Description
Is your feature request related to a problem? Please describe.
Loading an STF netcdf file from disk via xarray, as is and without further processing, leads to the following in memory dataset:
These days, such a dataset would arguably be designed using strings wherever possible for coordinates. In particular slicing through data to retrieve data for a given station can be done with the statement rain.sel( station_id = "123456A")
.
Trying to do a similar selection on the data set as loaded, rain.sel(station_id=123456)

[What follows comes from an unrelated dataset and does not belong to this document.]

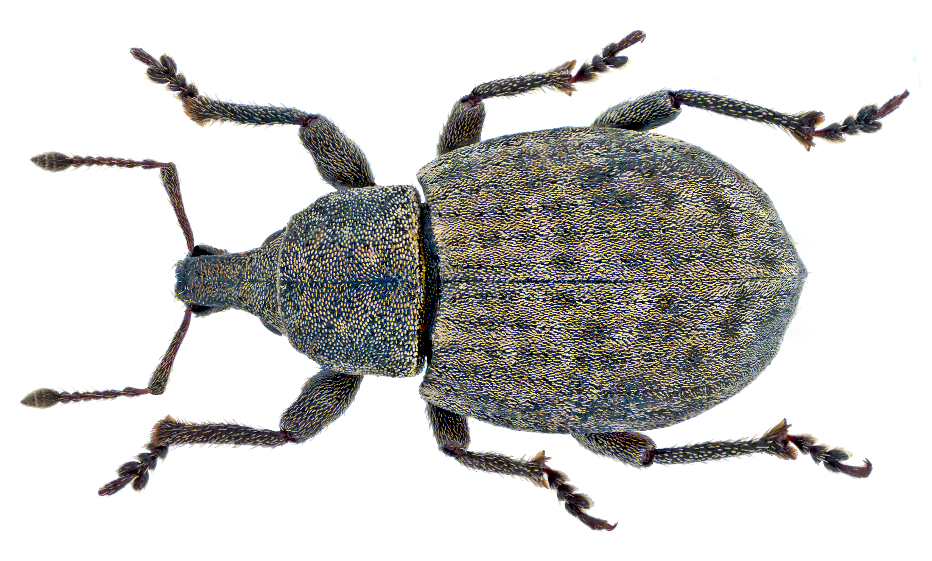 Family: Curculionidae Size: 6,3 mm (5,0-7,5 mm) Distribution: Europe Ecology: polyphagous Location: England, Oxford District ex. J.J.Walker bequest 1939 Coll. Oxford University Museum of Natural History Photo: U.Schmidt, 2014

would lead to KeyError: "'station_id' is not a valid dimension or coordinate
A similar observation can be done for the time
dimension needing to use date/time representation, perhaps even more so than for station_id
Note also that having coordinates that are starting at one (i.e. Fortran indexing) rather than zero (C/Python) is not inconsequential in practice; this is notoriously fertile ground for "off by one" bugs when slicing data for use in modelling.
Describe the solution you'd like
The In-memory representation of STF via xarray has the following coordinates
- "time" (pandas.Timestamp or np.datetime64)
- station_id (str)
- ens_member (int) (note: probably can only be
int
in python anyway, likely 64 bits. int32 retained on-disk) - lead_time (int)
Additional context
Possible downsides:
- What is the performance downside, if any noticeable, when converting the in-memory data for writing to disk with "to_netcdf"
- This would likely make using xarray "lazy-loading" capabilities not possible anymore. Does it really matter "these days"?
Other considerations:
- "RAM windowed" time series for very large data not fitting in RAM.
xarray
backed bynetcdf
anyway does not offer native capabilities for this so far as I know. One would need to use zarr as an xarray backend, or perhaps other options (time series DBs?)